Shaping your traffic for improved performance

Sometimes, putting up an arbitrary limit for your network connection can actually improve the performance.

A typical setup will look like this: your computer is connected via 54-100 mBit to a router, which has a DSL line of let’s say 2 mBit downstream and 192 kBit upstream (and then tons of other links).

When you overload one of these connections, performance can go down a lot.

The simples case how this can happen is when you upload data. 192 kBit are the weakest link here, and rather easy to fill up.

What happens then is that your computer will start sending out data at his full link speed, until the buffers at the router are full and it starts dropping packets. TCP/IP will then adopt and - lacking ‘ACK’ packets - slow down sending data. It will likely still keep the send-buffer of the router full.

Now if the router isn’t very smart, it just keeps a first-in-first-out buffer. As long as you have just this single upload, you don’t need to care. But if you have other connections, like a download, you do care.

For your download to run at full speed, the sender needs to get those ACK packets from you. They’re basically a “got your data, send more” kind of message. Really tiny packets, but essential for signaling.

A simple trick you can use now is to limit your bandwith at the sending computer already. Since you’re going to limit it just to the next link anyway it doesn’t mean it will actually be getting much slower. But your network stack is smarter than the router’s (probably). It can send out these ACK packets at a higher priority, so you end up with a better download-and-upload performance.

If you know your network connection speed, just use it. Otherwise you can still measure it or guess it. I’m always going for 95% of the speed I see.
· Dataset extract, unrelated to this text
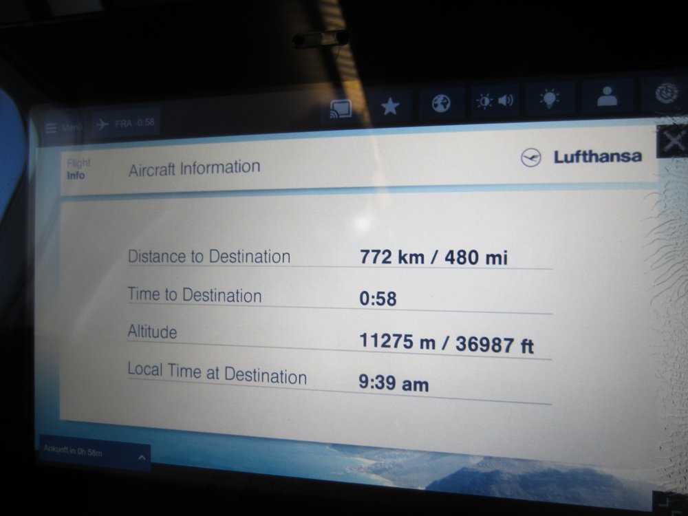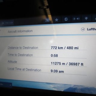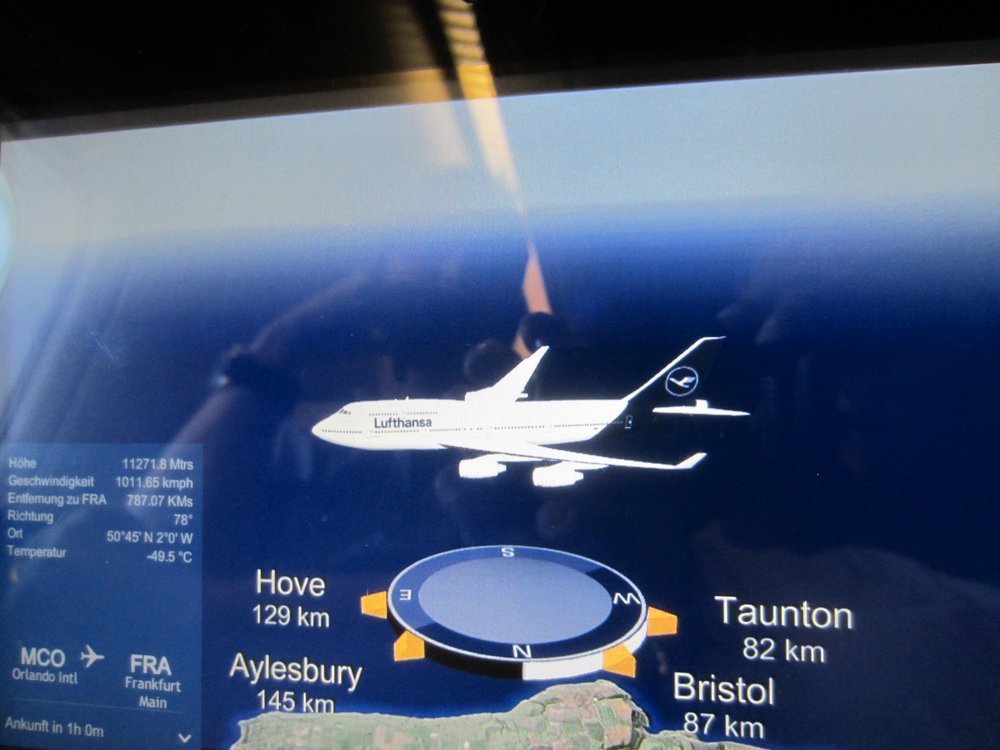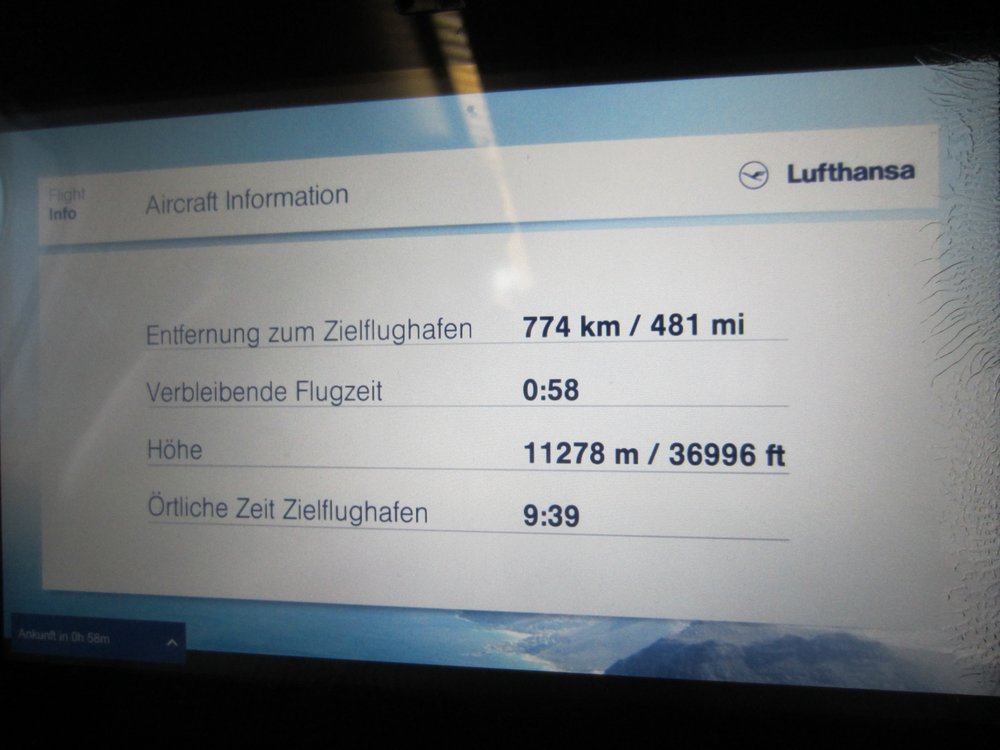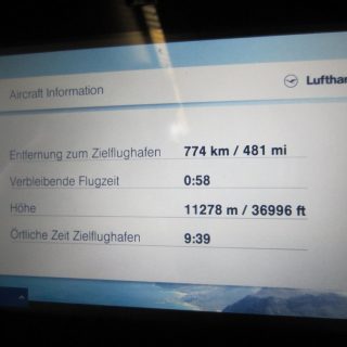 Im Flieger dann die extra großen Beinfreiheitssitze eingenommen, ging es auch schon los. Angenehme Überraschung: der Flug sollte nun „nur“ noch 7:50 (statt der avisierten 8:50) Stunden dauern, das sitzen wir doch auf einer Backe ab 🙂 .

You might want to limit it a bit more if you are sharing the connection with others.

Now enough theory, here’s what I use:

IFACE=wifi0
# setup ingress filtering
/sbin/tc qdisc add dev $IFACE handle ffff: ingress
# local network is unrestricted
/sbin/tc filter add dev $IFACE parent ffff: protocol ip \
  prio 10 u32 match ip src 192.168.2.0/24 \
  police conform-exceed ok/ok flowid :1
# incoming internet traffic is limited.
/sbin/tc filter add dev $IFACE parent ffff: protocol ip \
  prio 50 u32 match ip src 0.0.0.0/0 police \
  rate 1500kbit  burst 10k drop flowid :2
# outgoing traffic
/sbin/tc qdisc add dev $IFACE root handle 1: htb default 30
# local network is unrestricted
/sbin/tc class add dev $IFACE parent 1: classid 1:10 htb \
  rate 54mbit burst 15k
/sbin/tc qdisc add dev $IFACE parent 1:10 handle 10: sfq perturb 10
/sbin/tc filter add dev $IFACE parent 1:0 protocol ip \
  prio 10 u32 match ip dst 192.168.2.0/24 flowid 1:10
# internet traffic is limited.
/sbin/tc class add dev $IFACE parent 1: classid 1:20 htb \
  rate 160kbit ceil 196kbit burst 15k
/sbin/tc qdisc add dev $IFACE parent 1:20 handle 20: sfq perturb 10
/sbin/tc filter add dev $IFACE parent 1:0 protocol ip \
  prio 50 u32 match ip src 0.0.0.0/0 flowid 1:20

Long example, I know. The main reason is that I’m not limiting traffic to local computers. Furthermore, I’m also limiting my incoming traffic to use up at most 1.5 mbit of the 2 mbit connection, so my housemates will be able to use the internet as well (Debian mirrors send data fast - fast enough to kick them out of any online game they might be playing…).

There is one important detail hidden in there: sfq. This stands for “stochastic fair queueing”. It tells the network stack to basically send “one packet for each connection in turn”. This way, the small packets needed for download or interactive SSH sessions will get out quickly even when doing a larger upload.

It works great for me - I’m having a good download rate, using the 160 kBit upload limit completely (I don’t want to completely fill up the 192k upload link either) and I’m actually writing this blog entry remotely via SSH. The lag when writing is okay, probably around 300ms. Without shaping, this wouldn’t work this well.

(And no: just using ‘sfq’ for your outgoing traffic is not enough, since the key scheduling is happening at the weakest link. So you have to limit your traffic shaping setup to be just below the actual weakest link.)